White House asks for $5B to fund VA IT in 2022
The White House released a discretionary budget outline Friday that asks Congress to appropriate $4.8 billion for the Department of Veterans Affairs‘ Office of Information and Technology for fiscal 2022.
The $4.8 billion top-line IT number is just shy of the enacted $4.9 billion given by Congress last year, which doesn’t include emergency funding made available to the VA to account for telemedicine and telework needs during the pandemic.
Separate from the OIT budget, the White House has also asked for $2.7 billion for the continued modernization of VA’s electronic health record, a 10-year project that could cost north of $16 billion before it’s all said and done.
“The funding request invests in the core foundations of our country’s strength and advances key U.S. Department of Veterans Affairs (VA) priorities, including addressing Veteran homelessness, suicide prevention, caregiver support, and modernizing information technology systems to enhance customer service experience and ensure Veterans receive world-class health care,” VA Secretary Denis McDonough said in a statement following the budget proposal release.
In total, the VA is requesting $113.1 billion in discretionary funding, an $8.5 billion or 8.2% increase from the fiscal 2021 enacted level, according to the White House.
Congress ended up giving the VA more than it asked for in fiscal 2021, and we’ll have to wait and see if appropriators will be as generous this time given the record spending the government has already undertaken in light of the pandemic.

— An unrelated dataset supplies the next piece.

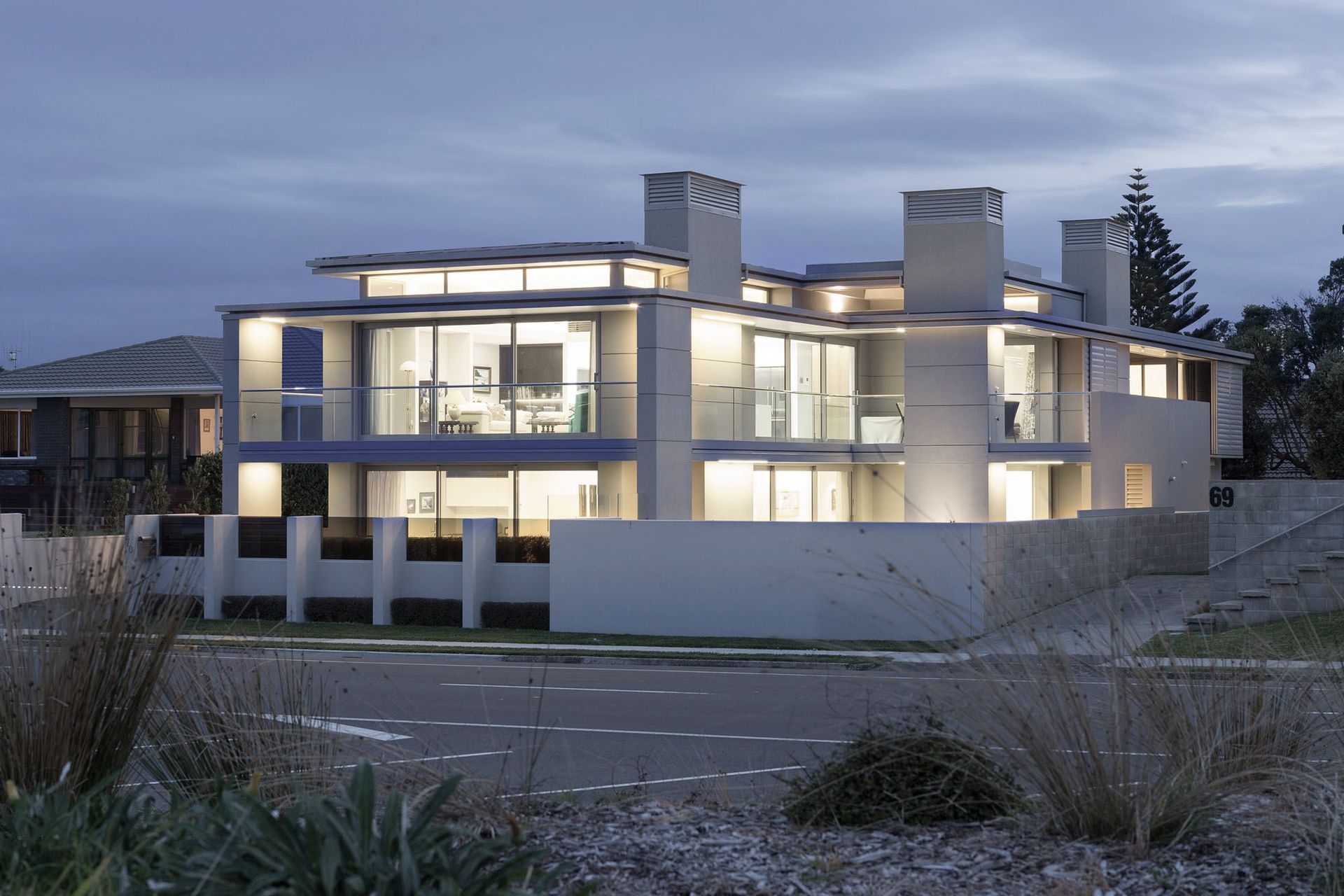 ArchiPro Project Summary - Award-winning modernist beachside residence featuring bespoke AVÉORA Pure cabinetry, designed to enhance stunning coastal views while maintaining a contemporary aesthetic.

Leaders on Capitol Hill and at VA have expressed concerns about cost overruns on the EHR program, which is funded separately from the IT budget. Secretary McDonough told Congress in March that he saw higher than anticipated staff needs during the initial launch of the program, which may result in higher costs than the $16 billion originally expected.
The VA received $2.6 billion in the enacted fiscal 2021 budget for the EHR program.
Spending on the new cloud-based medical records system was supposed to peak early in the rollout. The program is built on Cerner’s Millennium software system and will eventually be interoperable with a similar system being rolled out in military medical centers.